One year after the Jan. 6 attack on the Capitol, a Times Opinion focus group of Democratic voters found them frustrated that President Trump’s inner circle had not been held accountable for what happened that day — but also empathetic toward some of the rioters and their frustrations with “the system.”
You don’t hear much empathy between progressives and conservatives these days, but some of the nine Democrats were clearly angry about politics and power in America and felt that Republicans probably shared that anger as well. One focus group member said of Jan. 6, “I want future historians to remember that all of that happened because of the corrupt system that already existed.”
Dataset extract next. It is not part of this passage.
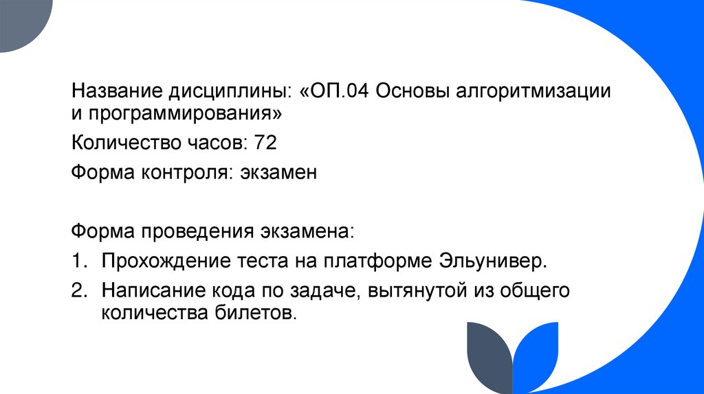 Название дисциплины: «ОП.04 Основы алгоритмизациии программирования»

This transcript of the discussion among the nine Democrats (along with our separate focus group of eight Republicans) are part of a new series of Opinion focus groups exploring Americans’ views on issues facing the country. The Democrats largely agreed about what happened on Jan. 6 (as opposed to the Republican focus group members), but they disagreed about whether the attack was surprising — and whether they should have seen it coming. Several feared even worse violence around the 2024 election.
The most surprising thing to us was their shaky faith in the Democratic Party itself — and its ability to do anything either to stop Republicans from doing more violence or change the root problems with “the system.” Listening to both focus groups, you really understand that we live in a country that is at once so radical and so conservative, and that what unites the left and the right is a mistrust in people at the top. There was little enthusiasm among the Democrats for President Biden to run again in 2024 — and ditto for the Republicans and Mr. Trump.
As is customary in focus groups, our role as moderators was not to argue with or fact-check the speakers. Two veteran focus group moderators, Margie Omero and Kristen Soltis Anderson, led the Democratic and Republican discussions respectively. (Times Opinion paid them for the work; they do similar work for political candidates, parties and special interest groups.)
This transcript has been edited for length; an audio recording and video clips of the session are also below. As is common with focus groups, the speakers’ last names are not included.
Margie Omero: What were some of the biggest things that happened in 2021?
Scott W. (from North Carolina): The Capitol in January.
Sue (from Kentucky): Definitely.
Scott Z. (from Connecticut): Absolutely.
Margie Omero: How many people have that on their list?
[Six of the nine raise their hands.]
Sue: I think Jan. 6 just because of America’s place in the world. But I think on a more national level, I think the mental health crisis that our country is facing.
Katelyn (from Colorado): Everything is a crisis, a terrifying thing. Mental health, Jan. 6, all the different variants we had, the vaccinated vs. not vaccinated.
Margie Omero: Sue, when you say a mental health crisis, what specifically are you talking about?
Sue: I work with middle school and elementary students. Our biggest issue in my middle school is kids’ mental health and getting their parents to understand that it is a critical issue, and this is why they’re not performing to the level. But state government still wants those [standardized] test results, and they want to see advancement. So I think it puts a lot of pressure on the kids and their families.
Scott Z.: I have granddaughters, and my 2-and-a-half-year-old doesn’t know a time in her life where she didn’t wear a mask. And how is that going to affect her as she grows?
Margie Omero: Thanks, everybody, for that. I want to go back to our 2021 year in review. What’s the first word that comes to mind when I say “Jan. 6”?
Scott Z.: How close we’re coming to the end of a real democracy.
Lawrence (from Ohio): Shocking.
Amanpreet (from California): A little disturbing.
Harold (from Florida): Lawlessness.
Tracy (from Missouri): Devastating. Some people went to work that day and did not return home.